Wave error variance matrix:

Step 3 Model Probability Update:

i = 1rΛj(k)cj_, and Λj(k) is the likelihood function for observing Z(k):

among them:

Step 4 Output interaction:

Figure 2 shows the structure of the IMM algorithm.

4 Vehicle motion model analysis and IMM algorithm tracking simulation

Experimental design: Consider two cars driving in the same direction on the road. At 0~10 s, both cars maintain a uniform linear motion. The distance from the preceding vehicle is 100 m detected by the on-board millimeter-wave radar installed on the rear vehicle. The relative speed is -3 m/s and the azimuth is 2°.
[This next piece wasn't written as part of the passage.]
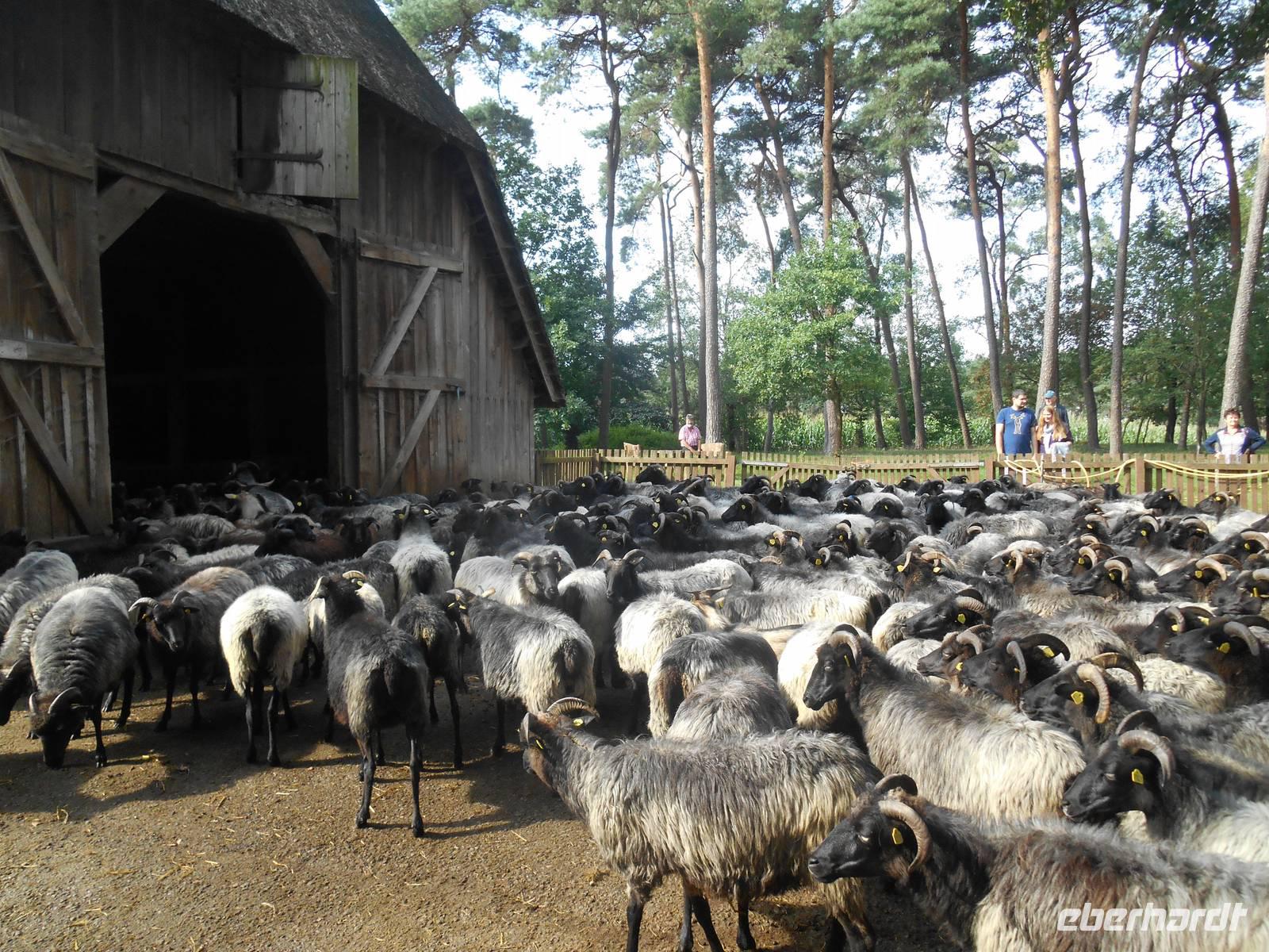 Gut gestärkt vom reichhaltigen Frühstücksbuffet und bei bester Laune fuhren wir am Vormittag in Richtung Schneverdingen. Dort befindet sich das Landschaftsschutzgebiet „Höpen", ein nettes Areal für Wald- und Heidespaziergänge. Am unteren Schafstall erlebten wir zuerst einen sogenannten „Heidschnucken-Austrieb", denn hier verbringt im Sommer eine Heidschnuckenherde die Nächte und der Schäfer treibt seine Herde somit täglich gegen 10.30 Uhr aus dem Übernachtungsquartier aus und gegen 17 Uhr wieder ein - dieses „Spektakel" muss man erlebt haben! Ein gemütlicher Heidespaziergang stand anschließend auf dem Programm! Vom oberen Schafstall gelangten wir innerhalb von nur etwa 20 Gehminuten zum berühmten Heidegarten. 120.000 Exemplare von mehr als 130 verschiedenen Heidesorten bilden hier auf dem Höpen ein eindrucksvolles Ziffernblatt und zeigen darin auch das Schneverdinger Wappen. Von einem niedrigen Aussichtsturm konnten wir die Heide-Uhr am besten überblicken, die Heide stand schließlich mit etwa 70% in der Blüte - eine Wohltat für unsere Augen und ein grandioser Farbteppich! Gegen Mittag erreichten wir Niederhaverbeck, wo wir zu einer entspannten Kutschfahrt rund um den Wilseder Berg erwartet wurden. Die Tour führte uns durch Wald und auch vorbei an ausgedehnten Heideflächen mit wilden Wacholderbüschen. In Wilsede, einem typischen kleinen Heidedorf des Naturschutzparks, legten wir einen Aufenthalt ein und ein Bummel durch den nur knapp 40 Einwohner zählenden Ort gewährte uns einen Einblick über das urig-rustikale Leben hier in der Heide. Wir waren uns alle einig - eine Kutschfahrt durch die Lüneburger Heide muss man erleben! Ach so, der Wettergott meinte es übrigens heute auch sehr gut mit uns! So einen sonnigen Tag mussten wir voll ausnutzen und somit ging es gleich weiter zum „Schäferhof" bei Neuenkirchen. In der historischen Hofanlage des Schäferhofs sind heute noch ein Schäfer, seine Herde und seine Hütehunde zu Hause. Betrieben wird der Hof von einem gemeinnützigen Verein und dieser finanziert sich wiederum u. a. durch den Verkauf von Schnuckenwurst, -fleisch und -schinken. Eine Mitarbeiterin führte uns über den Hof und erklärte uns einige interessante Dinge über die Heidschnucken - u. a. auch, dass den Kern der Herde etwa 400 Mutterschafe und einige Böcke bilden und dass mitsamt der schlachtreifen einjährigen Lämmer die Herdengröße bis zu 1.200 Köpfe erreicht! Der Höhepunkt war für uns allerdings der „Schnuckeneintrieb" am Abend. Ein erlebnisreicher, aber auch langer Tag endete mit einem wiederum sehr guten Abendessen im Hotel „Allerhof".

At 10~15 s, the front vehicle is deflected to the right, and the relative angular acceleration with the rear vehicle is 1° s2.

The rear vehicle accelerates, and the longitudinal relative acceleration of the preceding vehicle is a = -1.8 m/s2. The scanning period of the radar is T=0.1 s, the system noise is σα = 0.3 m/s, and σβ = 0.3°/s. The measurement error is σ1 = 1 m? σ2 = 0.5 m/s? σ3 = 0.2°/s.

Vehicle uniform linear motion model:

Vehicle acceleration motion model:

System noise vector W(k) covariance matrix Q(k)= for two motion models

The observation models for both motion models are Z(k) = HX(k) + V(k) where:

The transition probability matrix between the two models is:

The Monte Carlo method was used to simulate the tracking filter, and the number of simulations was 400. The results of the Matlab7.0 simulation are as follows.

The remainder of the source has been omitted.